TASK DETAILS >> You are asked to copy the entire listing exactly, apart from its pictures.

DATA SUPPLIED >>

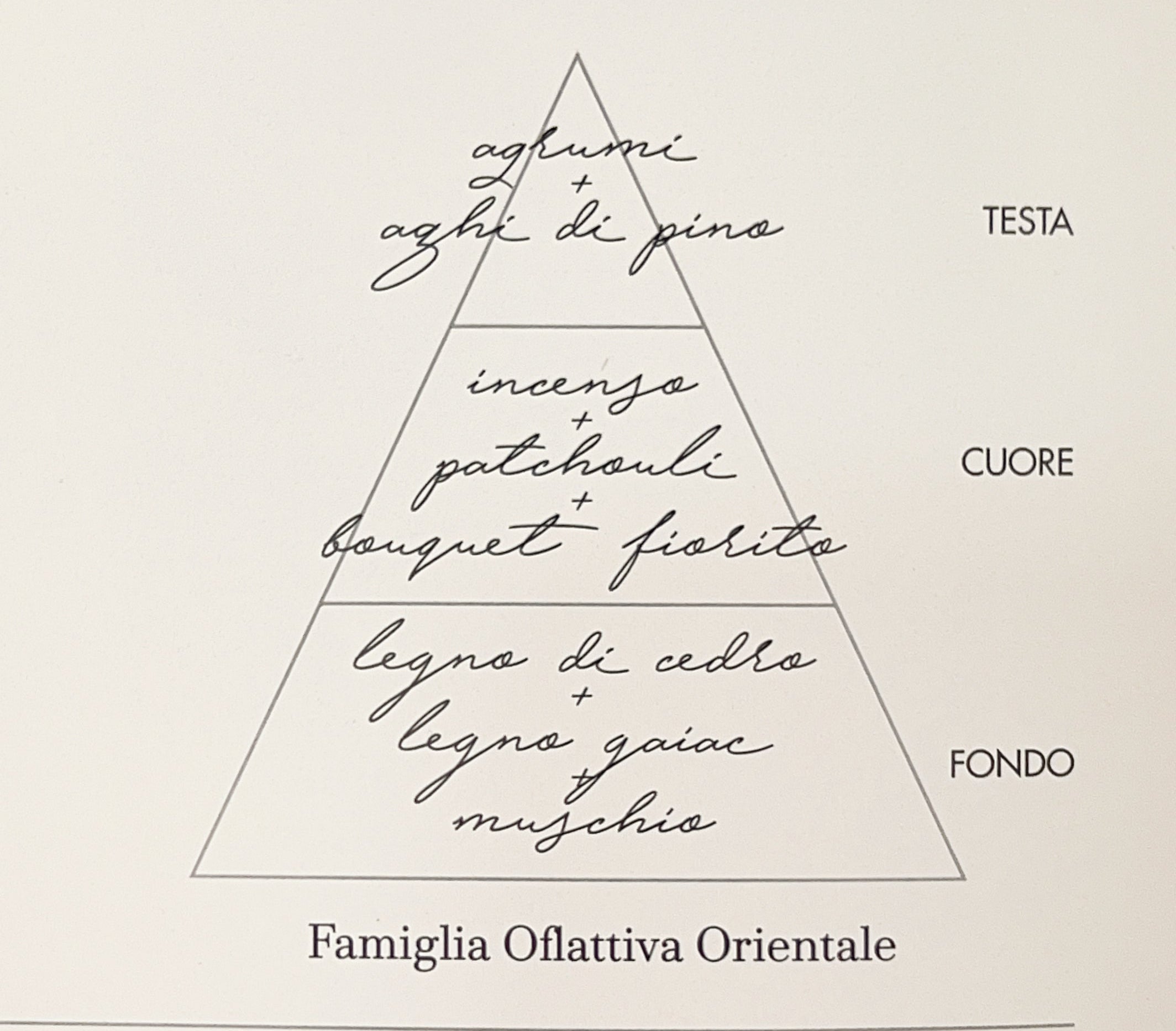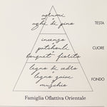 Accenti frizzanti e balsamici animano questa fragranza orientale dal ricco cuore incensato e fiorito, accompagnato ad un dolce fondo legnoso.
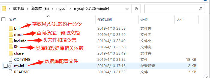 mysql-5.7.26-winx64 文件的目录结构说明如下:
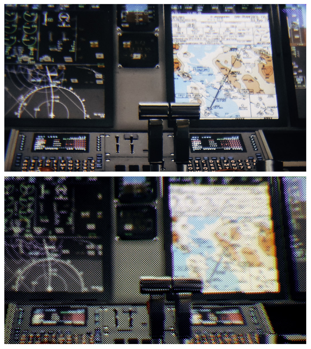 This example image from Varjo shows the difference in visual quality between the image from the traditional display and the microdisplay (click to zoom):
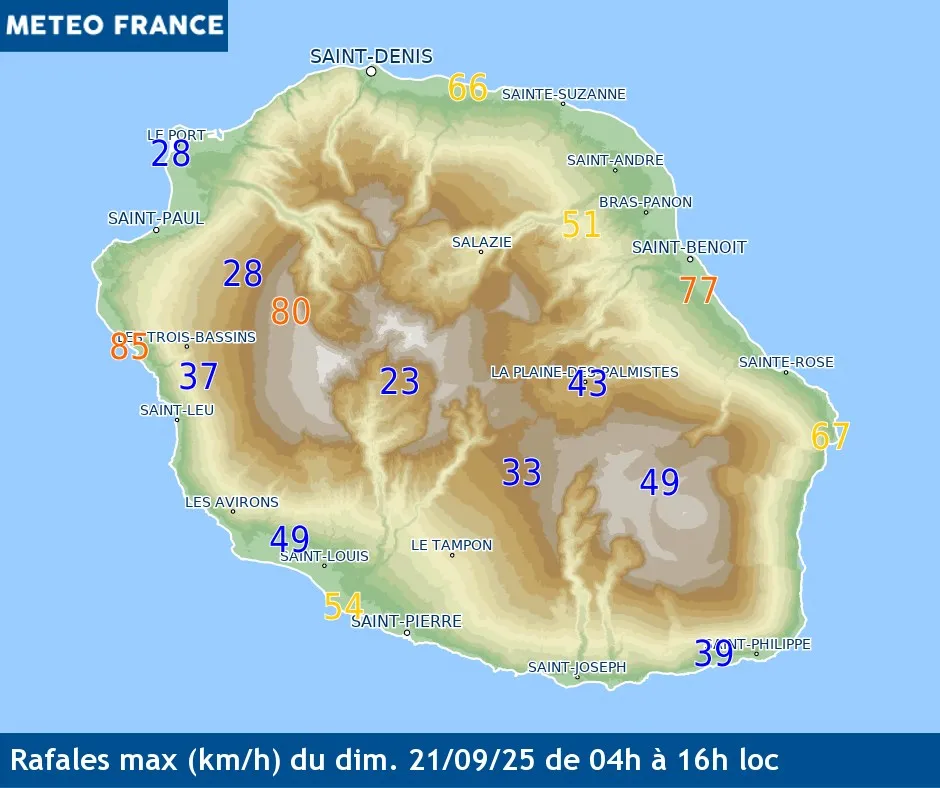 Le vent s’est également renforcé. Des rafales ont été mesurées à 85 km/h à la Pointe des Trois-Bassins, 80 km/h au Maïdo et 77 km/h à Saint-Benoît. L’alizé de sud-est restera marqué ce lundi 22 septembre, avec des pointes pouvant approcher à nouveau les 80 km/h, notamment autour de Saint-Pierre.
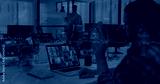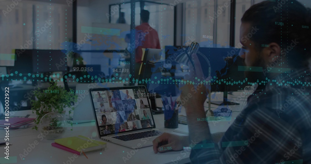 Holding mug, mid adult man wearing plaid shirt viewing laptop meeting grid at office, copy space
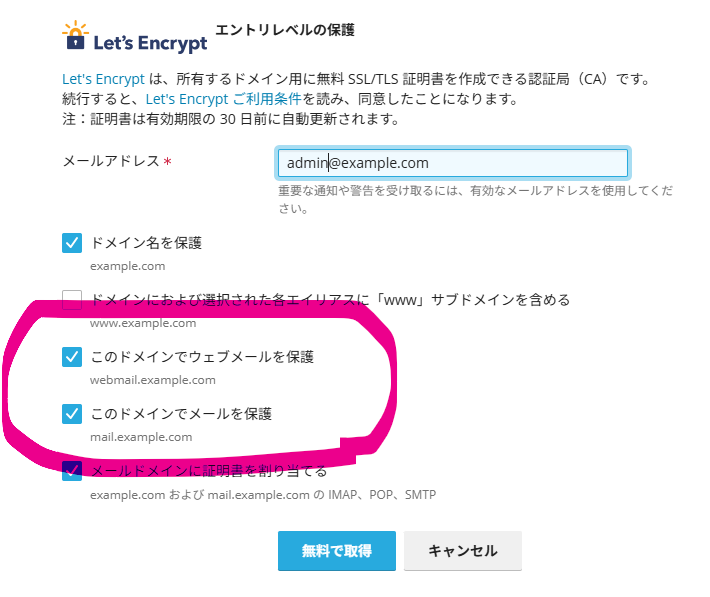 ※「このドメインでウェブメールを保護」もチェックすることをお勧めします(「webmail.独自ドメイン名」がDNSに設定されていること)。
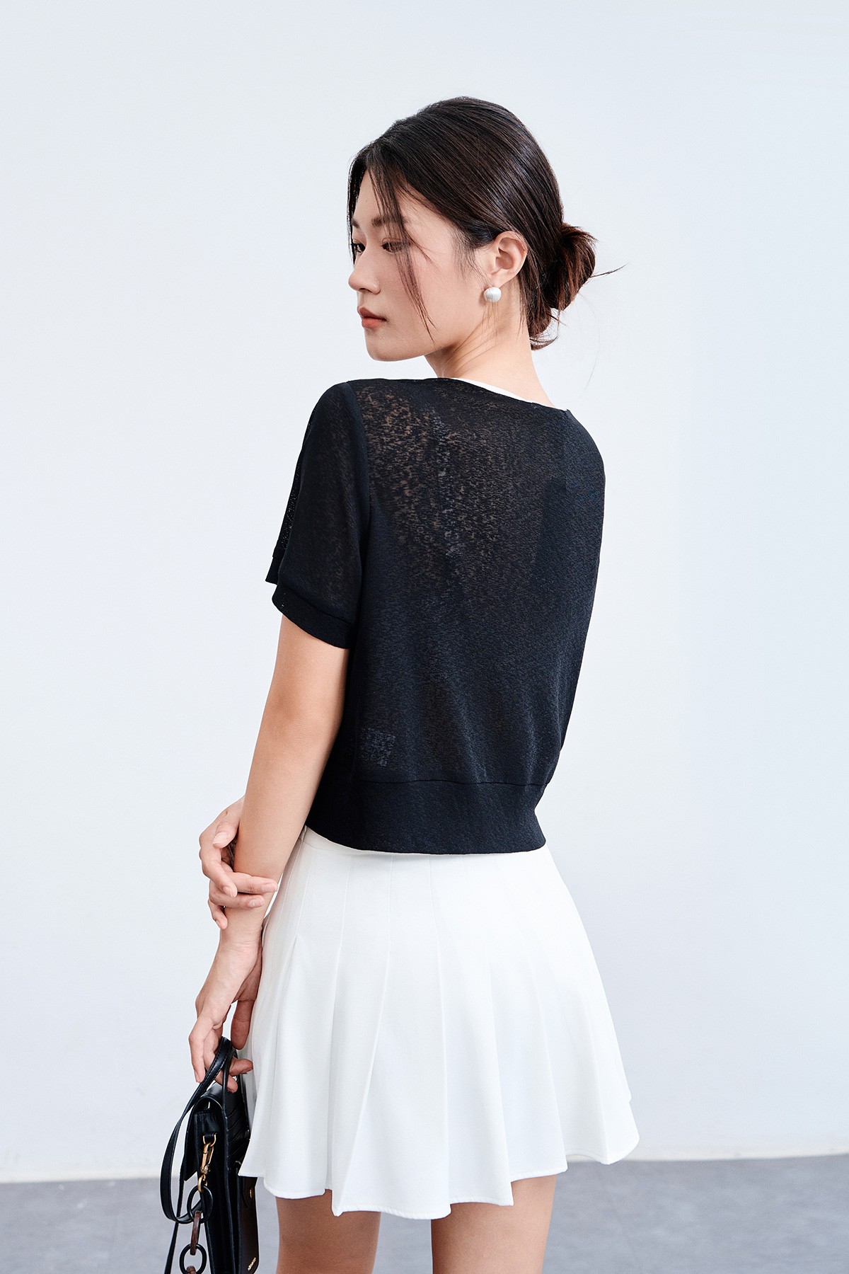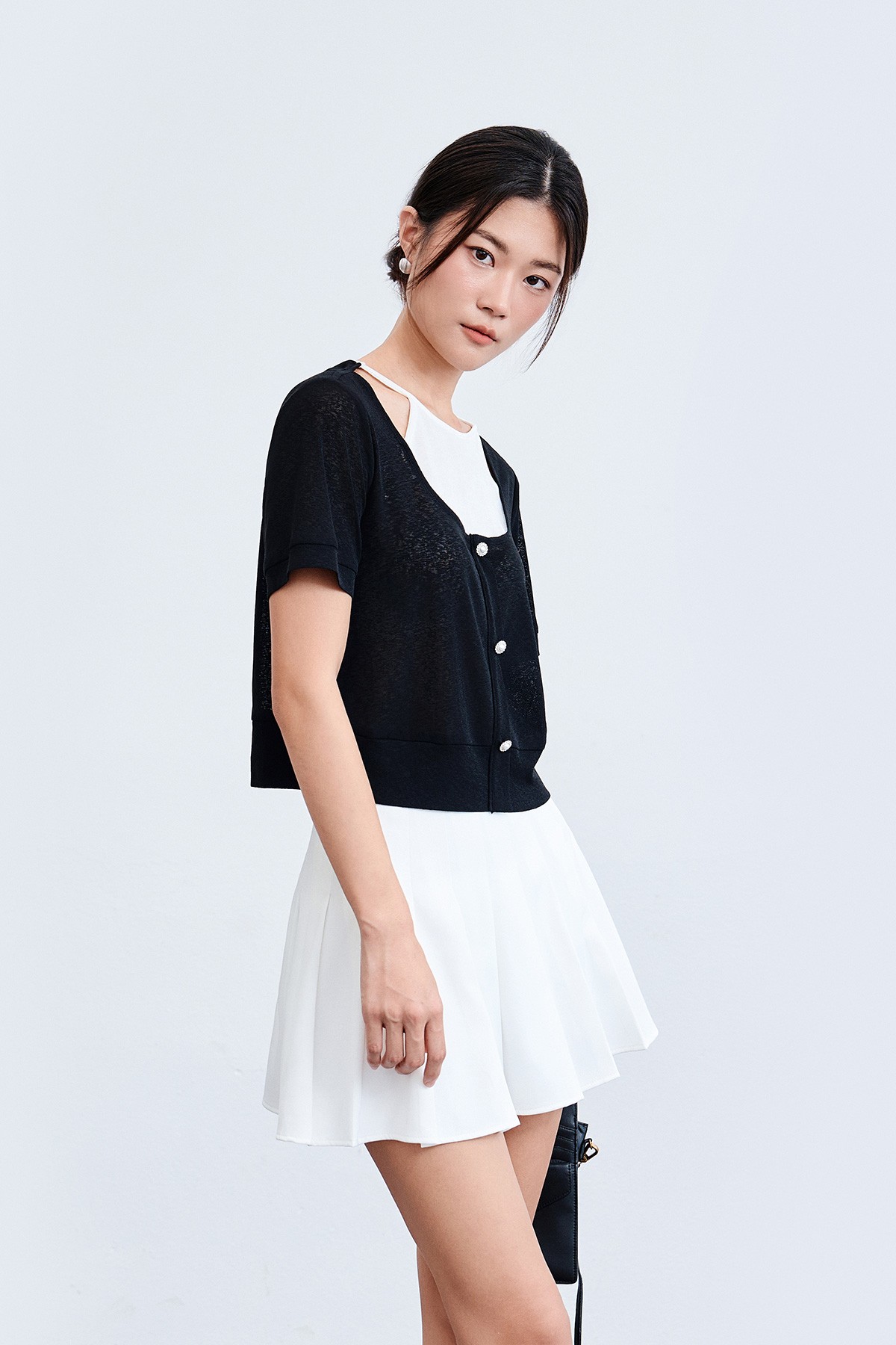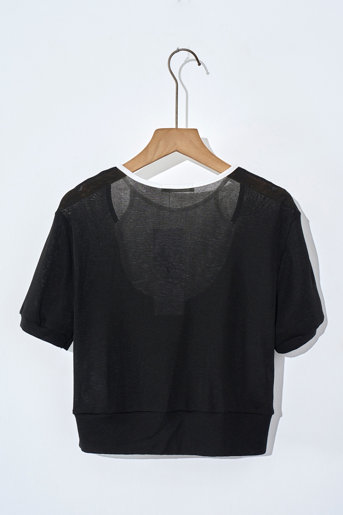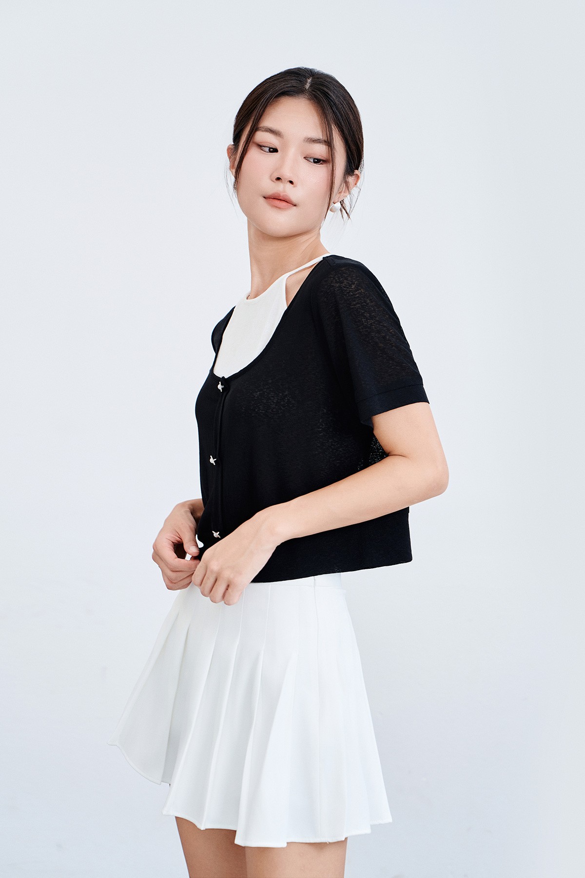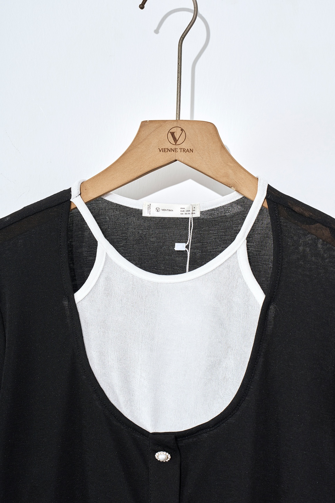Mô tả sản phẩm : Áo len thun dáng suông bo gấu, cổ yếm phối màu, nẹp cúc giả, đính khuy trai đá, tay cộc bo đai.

THE ANSWER >>
 Accenti frizzanti e balsamici animano questa fragranza orientale dal ricco cuore incensato e fiorito, accompagnato ad un dolce fondo legnoso.
 mysql-5.7.26-winx64 文件的目录结构说明如下:
 This example image from Varjo shows the difference in visual quality between the image from the traditional display and the microdisplay (click to zoom):
 Le vent s’est également renforcé. Des rafales ont été mesurées à 85 km/h à la Pointe des Trois-Bassins, 80 km/h au Maïdo et 77 km/h à Saint-Benoît. L’alizé de sud-est restera marqué ce lundi 22 septembre, avec des pointes pouvant approcher à nouveau les 80 km/h, notamment autour de Saint-Pierre.
 Holding mug, mid adult man wearing plaid shirt viewing laptop meeting grid at office, copy space
 ※「このドメインでウェブメールを保護」もチェックすることをお勧めします(「webmail.独自ドメイン名」がDNSに設定されていること)。
Mô tả sản phẩm : Áo len thun dáng suông bo gấu, cổ yếm phối màu, nẹp cúc giả, đính khuy trai đá, tay cộc bo đai.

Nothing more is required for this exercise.